Installing 10.04 to 2TB disk, does not boot
Christopher Chan
christopher.chan at bradbury.edu.hk
Tue May 18 07:53:37 UTC 2010
On Tuesday, May 18, 2010 02:35 PM, Matthias Brennwald wrote:
> On May 18, 2010, at 7:54 AM, ubuntu-users-request at lists.ubuntu.com wrote:
>
>> Message: 10
>> Date: Tue, 18 May 2010 13:54:28 +0800
>> From: Christopher Chan<christopher.chan at bradbury.edu.hk>
>> Subject: Re: Installing 10.04 to 2TB disk, does not boot
>> To: ubuntu-users at lists.ubuntu.com
>> Message-ID:<4BF22B94.7040709 at bradbury.edu.hk>
>> Content-Type: text/plain; charset=ISO-8859-1; format=flowed
>>
>>
>>>> When the 2 TB drive fails to boot, where does it fail?
>>>> Does grub or anything show up?
>>>> Are there any error messages?
>>>
>>> If fails before GRUB shows up. I just get a message saying that there is no bootable disk.
>>
>> Matthias,
>>
>> Please list the partitions on your 2tb disks 'parted /dev/2tbdiskdevice
>> print' and we can try doing something about it.
>
> Here is the result:
>
> ---------------
> Error: The backup GPT table is corrupt, but the primary appears OK, so that will
> be used.
>
>
> OK/Cancel? o
> Model: ATA WDC WD2003FYYS-0 (scsi)
> Disk /dev/sdd: 2000GB
> Sector size (logical/physical): 512B/512B
> Partition Table: gpt
>
> Number Start End Size File system Name Flags
> 1 17.4kB 8225kB 8208kB ext4 bios_grub
> 2 8225kB 5248MB 5240MB linux-swap(v1)
> 3 5248MB 5453MB 206MB ext4 boot
> 4 5453MB 2000GB 1995GB ext4
> ---------------
You are not actually using that bios_grub partition for anything right?
>
> I was surprised by the message regarding the corrupt GPT backup. What's that?
>
No clue on that one.
>
>> No bootable disk means that the BIOS is not able to find any boot code
>> to load from disk.
>
> Yes. As I mentioned before, this might be related to my motherboard (or its BIOS):
Any motherboard that is not using EFI will have similar issues.

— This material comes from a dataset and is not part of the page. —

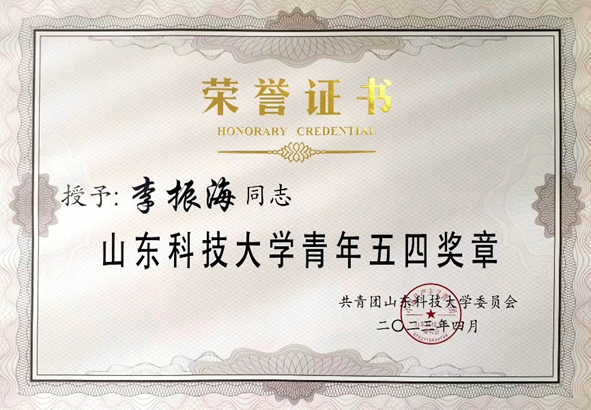 【全国煤炭行业“优秀共青团员”获得者】薛浩然,现为测绘工程专业2019级1班员工、公司兼职辅导员,中共党员。学习成绩优异,专业排名第4/96,曾获省级及以上奖项8余项,校级奖项15项。曾任校国旗护卫队队长,组织完成西海岸新区政府升旗仪式、区全民运动会及校运动会等校内外重大活动70余次。现已推免至华中科技大学攻读博士研究生。(通讯员:孙金香、韩冰)

BIOS and
GPT are not exactly compatible.
So you do not have a mirrored root installation from the look of things?
Anyway, let's try reinstalling grub for a start.
Get a terminal, switch to root and let's try the following.
mkdir /mnt/2tbroot
mount /dev/sdd4 /mnt/2tbroot
mount /dev/sdd3 /mnt/2tbroot/boot
grub-install --root-directory=/mnt/2tbroot /dev/sdd
umount /mnt/2tbroot/boot
umount /mnt/2tbroot
Reboot and set /dev/sdd to boot first or before the other 160GB disk.